Reviewed by Pith at T0; open to challenge. T0 means a machine referee read the full paper against a public rubric. the ladder, T0–T4 →

T0 review · grok-4.5

2026-07-12 06:43 UTC pith:CRA7WSQA

load-bearing objection Solid homogeneous SpeX sample showing sub-Neptune hosts are more metal-rich than super-Earth hosts around M dwarfs; the statistical result holds under multiple radius-valley cuts, but selection bias keeps it from being an occurrence claim. the 3 major comments →

arxiv 2607.02833 v1 pith:CRA7WSQA submitted 2026-07-03 astro-ph.EP

Uniform Metallicity Measurements of M Dwarf Planet Hosts Support Metallicity-Dependent Sub-Neptune Formation

classification astro-ph.EP
keywords M dwarfssub-Neptunessuper-Earthsstellar metallicityradius valleyplanet formationwater ice lineTESS
verification ladder T0 review T1 audit T2 compute T3 formal T4 reserved

The pith

A machine-rendered reading of the paper's core claim, the machinery that carries it, and where it could break.

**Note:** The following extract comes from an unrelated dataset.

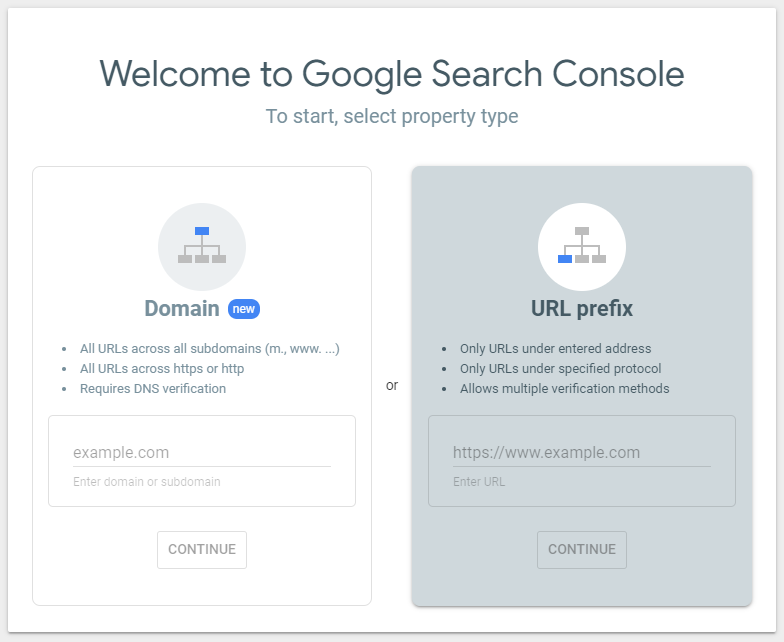 3. 별도로 등록한 개인 도메인이라면 왼쪽을 선택, 개인 도메인과 연결되지 않은 블로그나 사이트라면 오른쪽 URL prefix를 선택합니다

This paper measures uniform metallicities for dozens of cool, low-mass stars that host small planets, then shows that the hosts of sub-Neptunes sit systematically higher in metallicity than the hosts of super-Earths. The difference survives several independent ways of drawing the radius valley that separates the two planet classes and is not explained by differences in stellar mass or temperature within the sample. The authors interpret the offset as evidence that sub-Neptunes around M dwarfs assemble beyond the water ice line, where they can accrete ices, and then migrate inward. Metal-rich disks supply both more refractory solids and more volatiles beyond the ice line, making that pathway easier. Because M dwarfs dominate the stellar population of the Galaxy, the result matters for how most of the planets in the Milky Way form and for why the small-planet radius valley looks different around low-mass stars than around Sun-like stars.

Core claim

With a homogeneous sample of 86 cool dwarfs hosting 142 planets and candidates, M dwarfs that host sub-Neptunes are statistically more metal-rich than those that host super-Earths. The offset is robust to the empirical and theoretical radius-valley prescriptions tested and is unlikely to be driven by differences in the stellar-mass, temperature, or luminosity distributions of the two host samples.

What carries the argument

Homogeneous [Fe/H] and [M/H] measurements from medium-resolution IRTF/SpeX near-infrared spectra, combined with updated stellar radii and planet radii, allow a controlled comparison of metallicity distributions for super-Earth versus sub-Neptune hosts via cumulative distribution functions and Anderson-Darling tests under multiple radius-valley definitions.

Load-bearing premise

The metallicity difference between the observed super-Earth and sub-Neptune hosts is treated as a formation signature even though the sample is drawn from known planet hosts without completeness correction or occurrence-rate calculation.

What would settle it

A completeness-corrected occurrence study of super-Earths and sub-Neptunes around M dwarfs that finds no metallicity dependence, or that finds the apparent offset vanishes once selection biases are removed, would falsify the central claim.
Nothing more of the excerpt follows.